Le passage à l’orphelinat fut une vraie épreuve pour Blanche ; le souvenir de ces moments dramatiques étaient encore frais à sa mémoire quand, vers la toute fin de sa vie de presque cent ans, au centre d’accueil de Métabetchouan où elle résidait, elle demandait à sa fille cadette Andrée « si maman allait venir nous chercher ».
Ce long séjour à l’orphelinat fut aussi l’occasion de l’anglicisation des enfants Lizette. Les sœurs catholiques qui s’occupaient des orphelins de Cornwall étaient presque toutes irlandaises, et c’est en anglais que les enfants étaient scolarisés. Blanche dira à Paul-Émile son fils qu’elle parlait anglais quand elle est arrivée au Saguenay-Lac-Saint-Jean, en 1918, et savait seulement deux mots en français : « séminaire » et « cimetière ». Mais ces enfants étaient déjà sur la voie de l’anglicisation : leur père John, né d’une mère irlandaise unilingue anglaise, parlait rarement français même avec ses enfants, se remémore Blanche.
Le français, donc, elle l’apprit dans la famille de sa mère, d’abord chez sa tante Malvina Gagnon, mariée à Octave Couture, à Chicoutimi. « Sa fille avait deux enfants, je faisais le ménage » chez cette cousine qui demeurait sur la rue du Séminaire à Chicoutimi.
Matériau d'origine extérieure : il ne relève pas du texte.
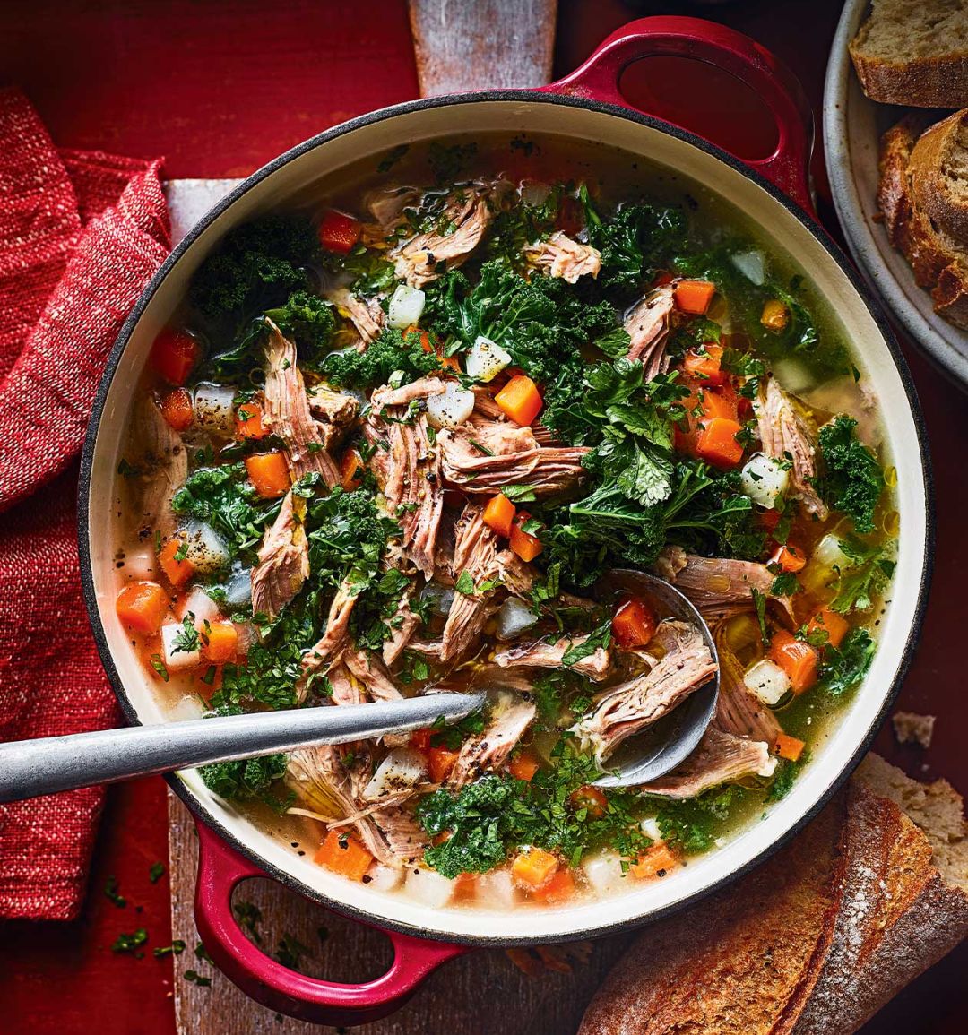 Meanwhile, remove all the meat from the bone and chop/shred. Remove and discard the onion from the casserole and add the meat back in with the kale and simmer for 5 minutes or until the kale has wilted and the lamb has warmed through. Roughly chop the parsley leaves and stir into the stew. Season, divide among bowls and serve with crusty bread.

Ensuite, après le décès de sa mère Cécile en avril 1919 à l’Hôtel-Dieu Saint-Vallier, chez ses oncles Émilien Gagnon et Thomas Coulombe (le mari de Georgiana Gagnon, la fille aînée de François et Pauline Dallaire et sœur de Cécile), cultivateurs à Couchepagane, où elle rencontra celui qui allait devenir son mari en janvier 1920, Héraclius Doré.
Entre les séjours à l’orphelinat et l’arrivée au Lac-Saint-Jean, la famille réduite de Cécile Gagnon a passé quelques temps à Montréal, dans le quartier situé près de la gare Windsor. Il semble que Cécile et ses filles soient arrivées dans cette ville avant 1916. Le contenu du recensement de 1911 nous apprend en effet que Cécile Gagnon, identifiée comme « chef de famille », reste encore à Moose Creek avec ses enfants Hubert, Blanche et Lilly.
John Fils reste encore à cette époque chez ses grands-parents à Massena. Mais à l’été 1916, il s’engage dans le Corps expéditionnaire canadien pour aller combattre sur le front en Europe. La famille réside alors place Jacques-Cartier, à Montréal : « Nous sommes allées le reconduire au train qui l’amènera vers Halifax » pour la traversée vers l’Angleterre. John demande expressément qu’une partie de sa solde – 50$ par mois – soit versée à sa mère Cécile, sans mari et malade, qui demeure sur la rue Osborne à Montréal. Cette pratique se continuera jusqu’au décès de Cécile, en 1919, à Chicoutimi. Certains montants seront aussi versés à la grand-mère Elisabeth Holland Lizette, à Massena, NY.
À Montréal, Blanche commencera à travailler. Elle a 14 ans, parle anglais et comprend sans doute le français. C’est chez Dupuis Frères qu’elle s’initiera au marché du travail, emballeuse des achats des clientes, pour 1$ par jour, pendant un an. Cécile travaille aussi, mais Lilly va à l’école ; elle deviendra institutrice.
En 1917, après une visite à Montréal, l’oncle Thomas Gagnon ramène Blanche à Chicoutimi, rue du Séminaire ; elle s’installe chez sa tante Malvina Gagnon, mariée à Octave Couture : « Sa fille avait deux enfants, je faisais le ménage », raconte-t-elle.
Aux funérailles de Cécile Gagnon, le 19 avril 1919, ses trois enfants (Hubert, Blanche, Lily) signent l’acte de décès, de même que son frère Émilien Gagnon et son beau-frère Octave Couture. Le fils aîné John est encore en Europe ; il ne reviendra au Canada qu’à la fin de l’été 1919 et sera démobilisé à Québec.